## Listed entries
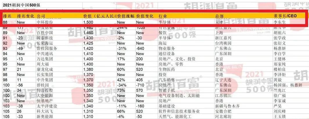 胡潤百富新秀 | 中環(huán)半導體登榜2021胡潤中國500強,位列第88名
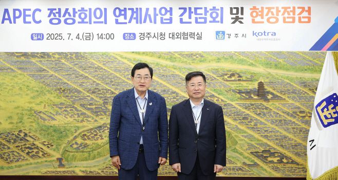 이날 강 사장은 주낙영 경주시장과 만나 APEC 연계 경제행사의 성공적 개최 방안을 논의했다. 코트라는 APEC 정상회의와 연계해 하반기 중 경주에서 △한-APEC 비즈니스 파트너십(9월 24∼25일) △APEC 회원국 및 경북 투자포럼(10월 16∼17일) △APEC 경제전시장 내 첨단미래산업관(10∼11월 중) 등 3개 행사를 개최한다.
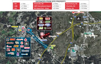 ±3.0 acre site | ±9,600 SF warehouse/build-to-suit | Property is situated within the Greenville-Spartanburg-Anderson metropolitan area, providing excellent connectivity to major markets in the Southeast | Skilled workforce available in the region, particularly in the manufacturing and logistics sectors | Electricity provider: Duke Energy | Gas provider: Fort Hills Natural Gas | Sewer: septic | Anderson County tax map 236-00-029-000 | Less than 1 mile to I-85, ±11 miles to I-385 & ±30 miles to I-26 | ±5 miles to Greenville & ±35 miles to Spartanburg | ±18 miles to GSP International Airport | ±22 miles to SC Inland Port Greer | ±100 miles to Charlotte & ±130 miles to Atlanta
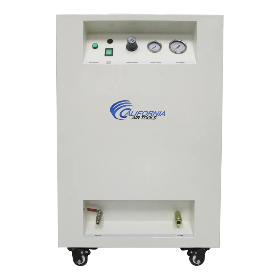 The California Air Tools 8010SPC Ultra Quiet and oil-free Air Compressor in a Sound Proof Cabinet is designed to be one of the quietest 1.0 HP electric air compressors in the industry having only 40 decibels of sound. The powerful 1.0 HP motor operates at only 1400 RPM creating less noise and less wear. The oil-free Dual Piston Pump System is engineered for high performance and durability. This air compressor delivers 3.00 CFM at 90 PSI with maximum pressure of 115 PSI. The Sound Proof Cabinet is insulated with sound reducing foam to reduce noise and vibration. The two latching doors allows for easy access to the air compressor and components. The 4 caster wheels make moving this air compressor from location to location very easy. The California Air Tools 8010SPC Air Compressor is designed for anyone who must have a Ultra Quiet Air Compressor in their office, shop, store, warehouse or home.
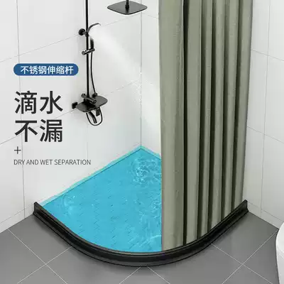 Magnetic shower curtain shower room dry and wet separation bathroom dressing room partition curtain arc Rod set no hole with magnet
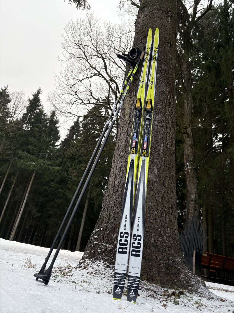 Эко тропа не укатана пока. На основной роллерке самотоп, но снег плотно лежит на асфальте. Подъемы хорошо прикатали, а на спусках еще узковато было. Лыжи асфальт нигде не достают, только наконечники палок.
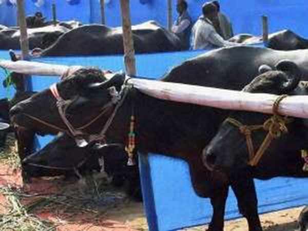 நீண்ட வாள் மற்றும் அரிவாளால் எருமை மாடுகளின் கழுத்தில் வெட்டப்பட்டன.
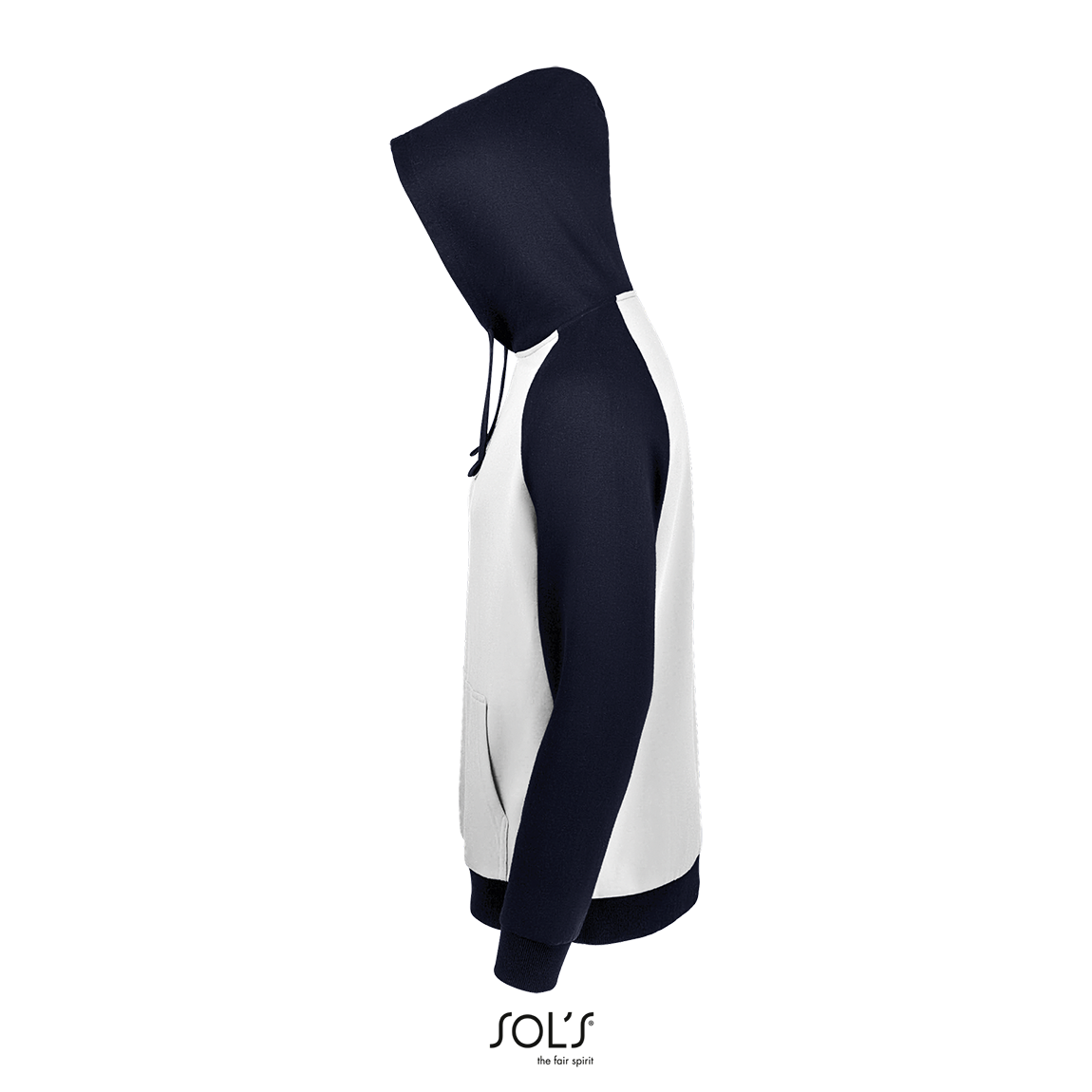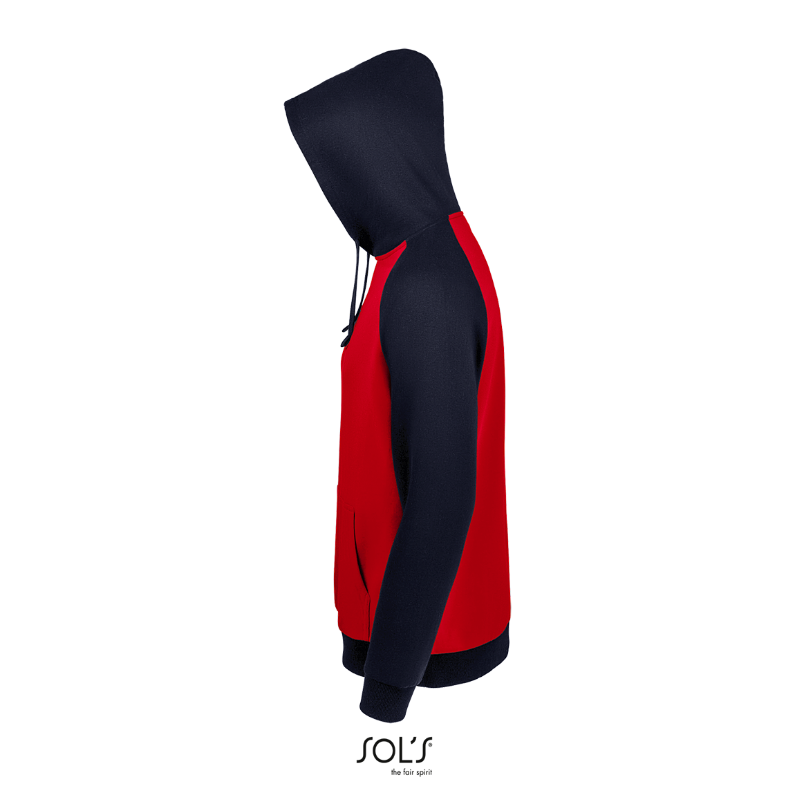 Περιγραφή: Ρεγκλάν μανίκια με τσέπη καγκουρό, πλαϊνές ραφές, ριπ στις μανσέτες και το τελείωμα, επενδεδυμένη κουκούλα με κορδόνι σύσφιξης και φακαρόλα στο λαιμό.

## Problem details
All of the material above must be retyped exactly, line for line, with the images dropped.

## Response
 胡潤百富新秀 | 中環(huán)半導體登榜2021胡潤中國500強,位列第88名
 이날 강 사장은 주낙영 경주시장과 만나 APEC 연계 경제행사의 성공적 개최 방안을 논의했다. 코트라는 APEC 정상회의와 연계해 하반기 중 경주에서 △한-APEC 비즈니스 파트너십(9월 24∼25일) △APEC 회원국 및 경북 투자포럼(10월 16∼17일) △APEC 경제전시장 내 첨단미래산업관(10∼11월 중) 등 3개 행사를 개최한다.
 ±3.0 acre site | ±9,600 SF warehouse/build-to-suit | Property is situated within the Greenville-Spartanburg-Anderson metropolitan area, providing excellent connectivity to major markets in the Southeast | Skilled workforce available in the region, particularly in the manufacturing and logistics sectors | Electricity provider: Duke Energy | Gas provider: Fort Hills Natural Gas | Sewer: septic | Anderson County tax map 236-00-029-000 | Less than 1 mile to I-85, ±11 miles to I-385 & ±30 miles to I-26 | ±5 miles to Greenville & ±35 miles to Spartanburg | ±18 miles to GSP International Airport | ±22 miles to SC Inland Port Greer | ±100 miles to Charlotte & ±130 miles to Atlanta
 The California Air Tools 8010SPC Ultra Quiet and oil-free Air Compressor in a Sound Proof Cabinet is designed to be one of the quietest 1.0 HP electric air compressors in the industry having only 40 decibels of sound. The powerful 1.0 HP motor operates at only 1400 RPM creating less noise and less wear. The oil-free Dual Piston Pump System is engineered for high performance and durability. This air compressor delivers 3.00 CFM at 90 PSI with maximum pressure of 115 PSI. The Sound Proof Cabinet is insulated with sound reducing foam to reduce noise and vibration. The two latching doors allows for easy access to the air compressor and components. The 4 caster wheels make moving this air compressor from location to location very easy. The California Air Tools 8010SPC Air Compressor is designed for anyone who must have a Ultra Quiet Air Compressor in their office, shop, store, warehouse or home.
 Magnetic shower curtain shower room dry and wet separation bathroom dressing room partition curtain arc Rod set no hole with magnet
 Эко тропа не укатана пока. На основной роллерке самотоп, но снег плотно лежит на асфальте. Подъемы хорошо прикатали, а на спусках еще узковато было. Лыжи асфальт нигде не достают, только наконечники палок.
 நீண்ட வாள் மற்றும் அரிவாளால் எருமை மாடுகளின் கழுத்தில் வெட்டப்பட்டன.
 Περιγραφή: Ρεγκλάν μανίκια με τσέπη καγκουρό, πλαϊνές ραφές, ριπ στις μανσέτες και το τελείωμα, επενδεδυμένη κουκούλα με κορδόνι σύσφιξης και φακαρόλα στο λαιμό.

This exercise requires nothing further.